Every line below from the one with "Hamdard University Admission" through the one with "- 매출액 : 24억원 (전년동기 442억원)" is to be repeated exactly, with no picture among them.

Supplied records: Begin

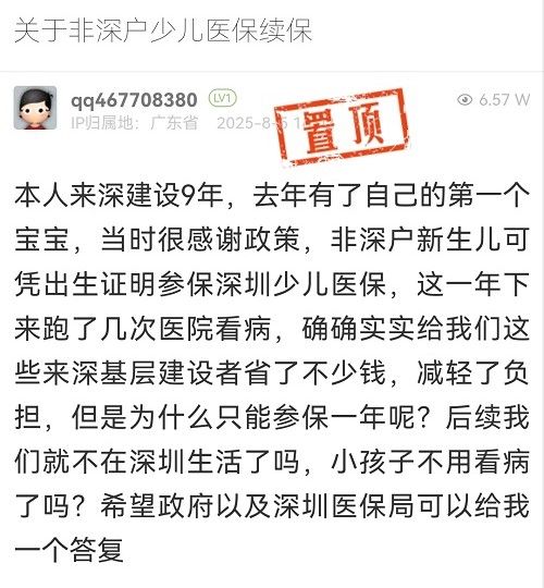 8. 帖文《關于非深戶少兒醫(yī)保續(xù)保》
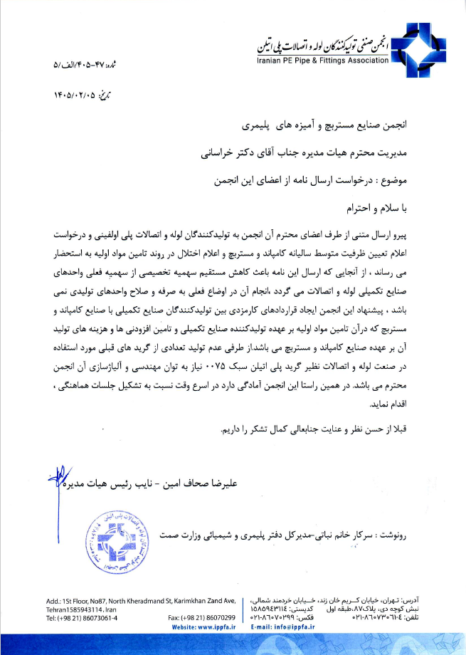 نامه انجمن تولیدکنندگان لوله و اتصالات PE به انجمن تولیدکنندگان مستربچ و کامپاند: راهکاری برای ارتقای همکاری
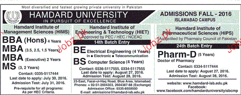 Hamdard University Admission in BBA, MBA, BE, BS, MS and Pharm-D in Karachi. Read newspaper ad for exact details.
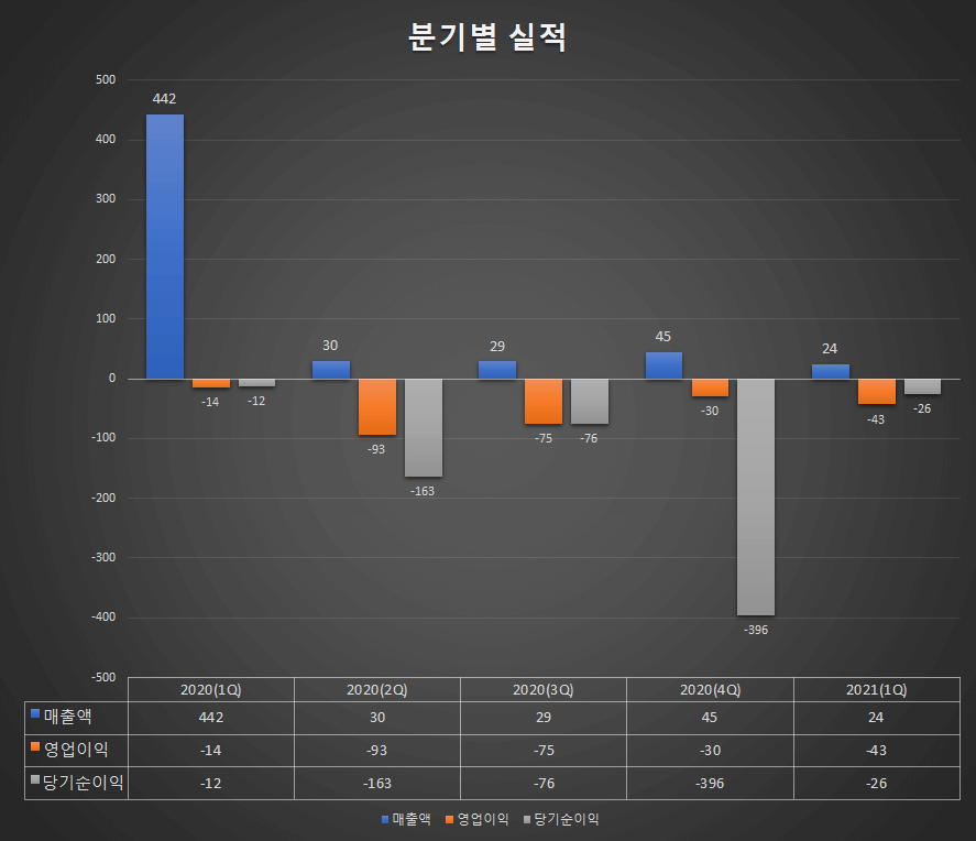 - 매출액 : 24억원 (전년동기 442억원)
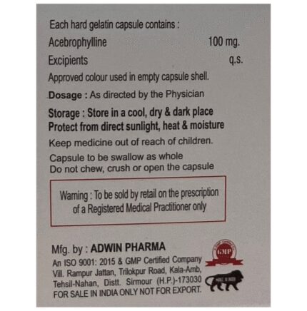 Acekaitiz Capsule is used to treat and prevent symptoms of asthma, bronchitis, and chronic obstructive pulmonary disorder (a lung disorder in which flow of air to the lung is blocked). It helps in relaxing the muscles of the air passages, thus widening it and making it easier to breathe. Acekaitiz Capsule can be taken with the food in evening. Take it at the same time every day to get the most benefit. The dose and how often you take it depends on what you are taking it for. Your doctor will decide how much you need to improve your symptoms. Take this medicine for as long as it is prescribed for you. Do not miss even a single dose, if in any case, you missed a dose, take it as soon as you remember or better to skip the missed dose and continue with regular dosing. It does not work immediately or prevent the already started breathing trouble, hence always carry your medical inhaler with you for an emergency.The most common side effects of this medicine include abdominal discomfort, abdominal distension, vomiting, abdominal pain, diarrhea, constipation, and heart burn. If these bother you or appear serious, let your doctor know. There may be ways of reducing or preventing them. Generally, it is advised not to consume alcohol or do not smoke while on treatment.Before taking this medicine, let your doctor if you have kidney or liver disease or if you have heart-related problems. Your doctor should also know about all other medicines you are taking as many of these may make this medicine less effective or change the way it works. Inform your doctor if you are pregnant or breastfeeding before starting the treatment.

Supplied records: End

Answer space:
 Hamdard University Admission in BBA, MBA, BE, BS, MS and Pharm-D in Karachi. Read newspaper ad for exact details.
 - 매출액 : 24억원 (전년동기 442억원)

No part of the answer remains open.